→ WHAT TO WORK ON: Write the entries out again in full and unchanged, dropping every image.

→ Extracted records:
-----

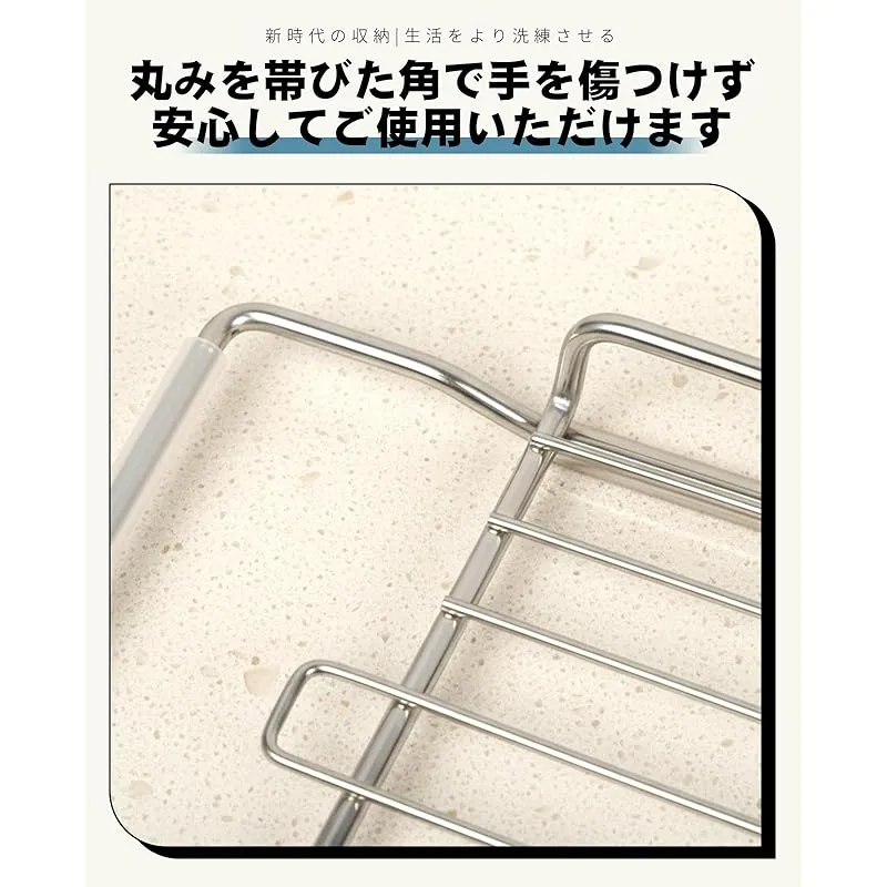 【高品質ステンレス製】高品質ステンレスを使用し、サビに強く耐荷重は10kgで鍋やフライパンも安定して置ける頑丈設計。食器水切りラックとしても長く使える耐久性を備え、水切りカゴのように変形しにくいのが魅力
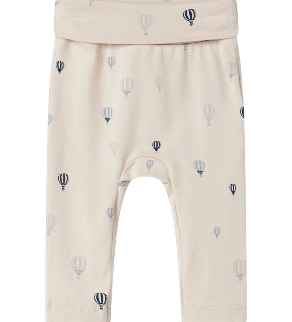 Bløde bukser fra MarMar i en lysebeige nuance med et flot alloverprint af luftballoner i blå nuancer. MarMar bukserne har en elastisk talje, der sikrer en behagelig pasform. Benene afsluttes med sømkanter, som giver et enkelt look.
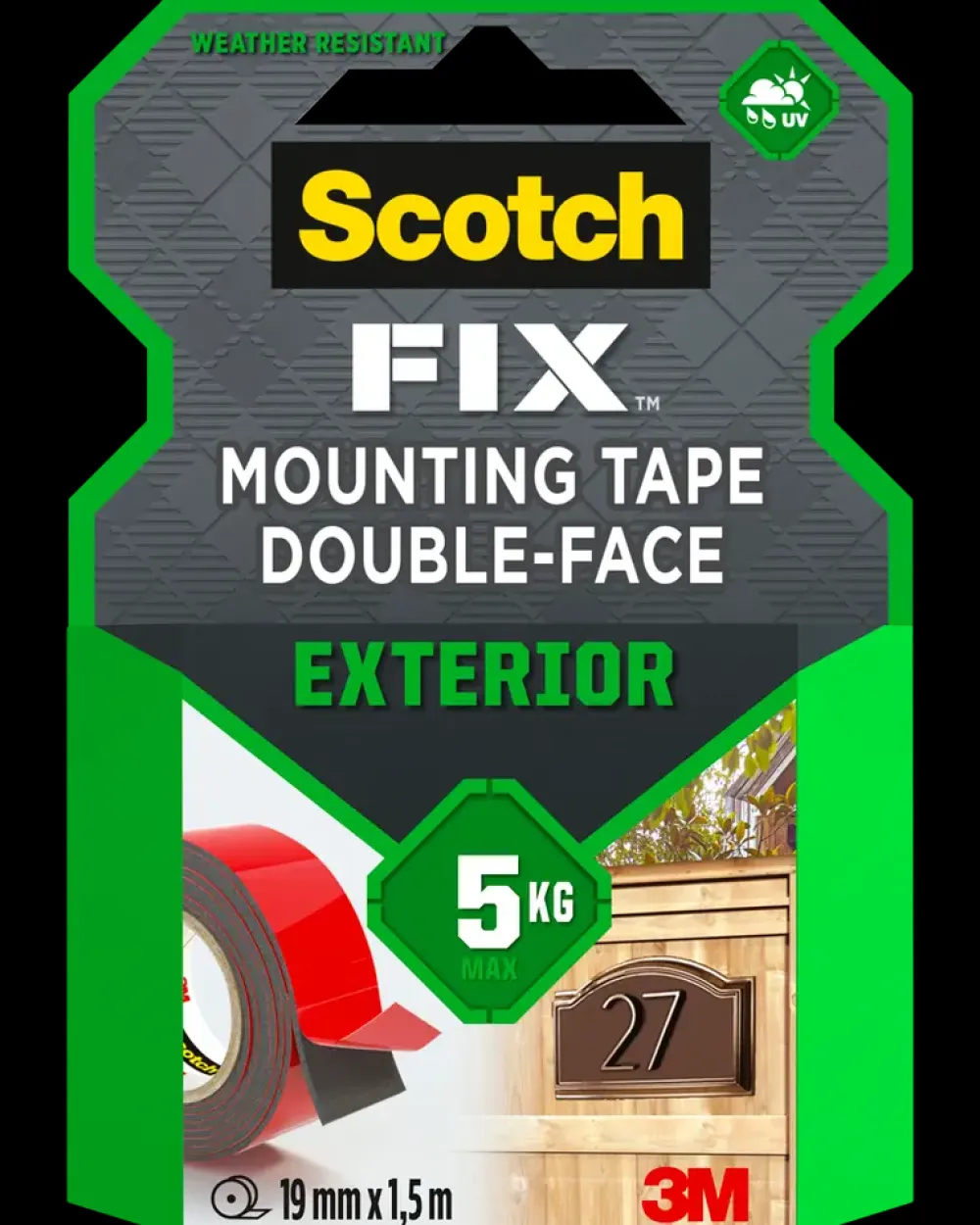 Scotch-FIX™ dobbeltklæbende monteringstape er beregnet til udendørs montering, hvor der stilles krav til holdbar og permanent fastgørelse under skiftende vejrforhold. Tapen anvendes til montering af mindre til mellemstore genstande som husnumre, skilte, kroge og lette udendørs elementer uden brug af skruer eller boring.Tapen er sort og egnet til montage, hvor fastgørelsen ønskes mindre synlig på mørke overflader. Den er UV-bestandig og udviklet til at modstå vind, regn og temperatursvingninger. Tapen fungerer på metal, malet eller behandlet træ samt akryl og giver en stabil fastgørelse, når overfladen er ren og tør.Med en maksimal bæreevne på op til 5 kg er tapen velegnet til permanente udendørs monteringsopgaver, hvor belastningen fordeles jævnt over tapens længde.Mål: B. 19 mm x L. 1,5 mFarve: SortAnvendelse: UdendørsMaks. belastning: 5 kg
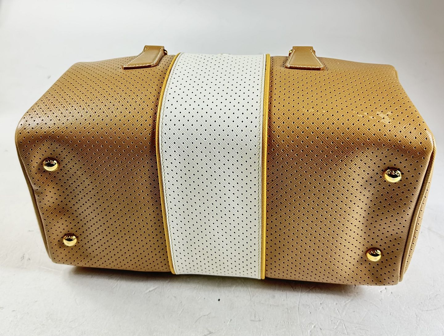 Prada - Cuoio/Mimosa Perforated Saffiano Bowling Bag BL0646
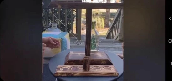 Materiaal: spel is gemaakt van hout, de bijgeleverde bevestingsringen en haken zijn van metaal en koordjes van plastic.
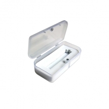 Подарочная коробочка под флешку, лазерную указку или фонарик выполнена из матового белого пластика с амортизирующим слоем.
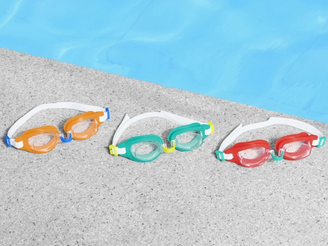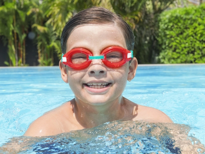 Giv børnene tryghed ved de første svømmetag og sjov leg i vandet. Bestway Aqua Burst-brillerne kombinerer sikkerhed og komfort: slagfaste polykarbonatlinser med UV-beskyttelse og antifog-lag holder synet klart uden dug, mens bløde øjekopper og en glat silikonerem sikrer behagelig brug hele dagen.
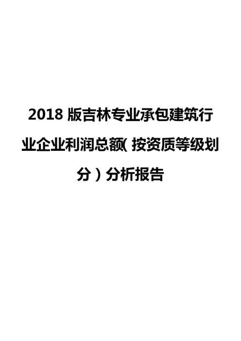 本站资深用户发布了最新的《2018版吉林专业承包建筑行业企业利润总额(按资质等级划分)分析报告》文档,以下内容为预览,详细内容可下载阅读。 声明:本站所有文章,如无特殊说明或标注,均为本站原创发布。任何个人或组织,在未征得本站同意时,禁止复制、盗用、采集、发布本站内容到任何网站、书籍等各类媒体平台。如若本站内容侵犯了原著者的合法权益,可联系我们进行处理。
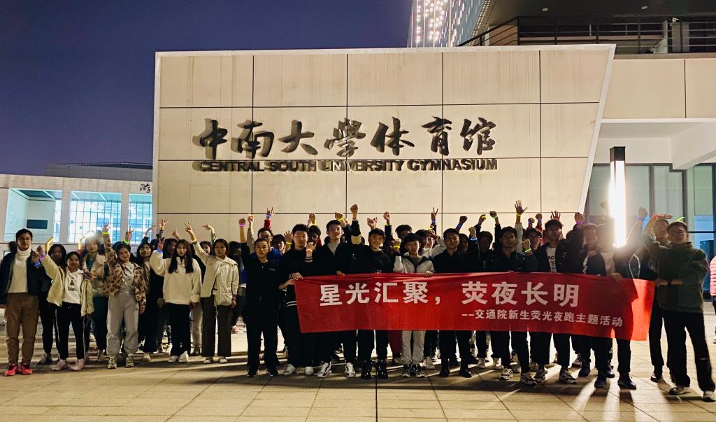 新体育馆顺利开展。活动期间,21级辅导员张健老师、王羽珊老师带领交通院21级各班同学齐聚体育馆,踏荧光点点校园路,尽情挥洒青春汗水!
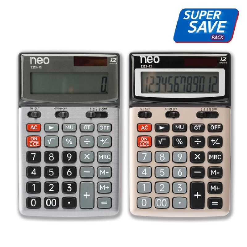 NEO เครื่องคิดเลข 12 หลัก รุ่น 2223-12 สีเทาเงิน-ทอง (แพ็ค 2 เครื่อง)

-----

→ RESPONSE TO THE TASK:
 【高品質ステンレス製】高品質ステンレスを使用し、サビに強く耐荷重は10kgで鍋やフライパンも安定して置ける頑丈設計。食器水切りラックとしても長く使える耐久性を備え、水切りカゴのように変形しにくいのが魅力
 Bløde bukser fra MarMar i en lysebeige nuance med et flot alloverprint af luftballoner i blå nuancer. MarMar bukserne har en elastisk talje, der sikrer en behagelig pasform. Benene afsluttes med sømkanter, som giver et enkelt look.
 Scotch-FIX™ dobbeltklæbende monteringstape er beregnet til udendørs montering, hvor der stilles krav til holdbar og permanent fastgørelse under skiftende vejrforhold. Tapen anvendes til montering af mindre til mellemstore genstande som husnumre, skilte, kroge og lette udendørs elementer uden brug af skruer eller boring.Tapen er sort og egnet til montage, hvor fastgørelsen ønskes mindre synlig på mørke overflader. Den er UV-bestandig og udviklet til at modstå vind, regn og temperatursvingninger. Tapen fungerer på metal, malet eller behandlet træ samt akryl og giver en stabil fastgørelse, når overfladen er ren og tør.Med en maksimal bæreevne på op til 5 kg er tapen velegnet til permanente udendørs monteringsopgaver, hvor belastningen fordeles jævnt over tapens længde.Mål: B. 19 mm x L. 1,5 mFarve: SortAnvendelse: UdendørsMaks. belastning: 5 kg
 Prada - Cuoio/Mimosa Perforated Saffiano Bowling Bag BL0646
 Materiaal: spel is gemaakt van hout, de bijgeleverde bevestingsringen en haken zijn van metaal en koordjes van plastic.
 Подарочная коробочка под флешку, лазерную указку или фонарик выполнена из матового белого пластика с амортизирующим слоем.
 Giv børnene tryghed ved de første svømmetag og sjov leg i vandet. Bestway Aqua Burst-brillerne kombinerer sikkerhed og komfort: slagfaste polykarbonatlinser med UV-beskyttelse og antifog-lag holder synet klart uden dug, mens bløde øjekopper og en glat silikonerem sikrer behagelig brug hele dagen.
 本站资深用户发布了最新的《2018版吉林专业承包建筑行业企业利润总额(按资质等级划分)分析报告》文档,以下内容为预览,详细内容可下载阅读。 声明:本站所有文章,如无特殊说明或标注,均为本站原创发布。任何个人或组织,在未征得本站同意时,禁止复制、盗用、采集、发布本站内容到任何网站、书籍等各类媒体平台。如若本站内容侵犯了原著者的合法权益,可联系我们进行处理。
 新体育馆顺利开展。活动期间,21级辅导员张健老师、王羽珊老师带领交通院21级各班同学齐聚体育馆,踏荧光点点校园路,尽情挥洒青春汗水!
 NEO เครื่องคิดเลข 12 หลัก รุ่น 2223-12 สีเทาเงิน-ทอง (แพ็ค 2 เครื่อง)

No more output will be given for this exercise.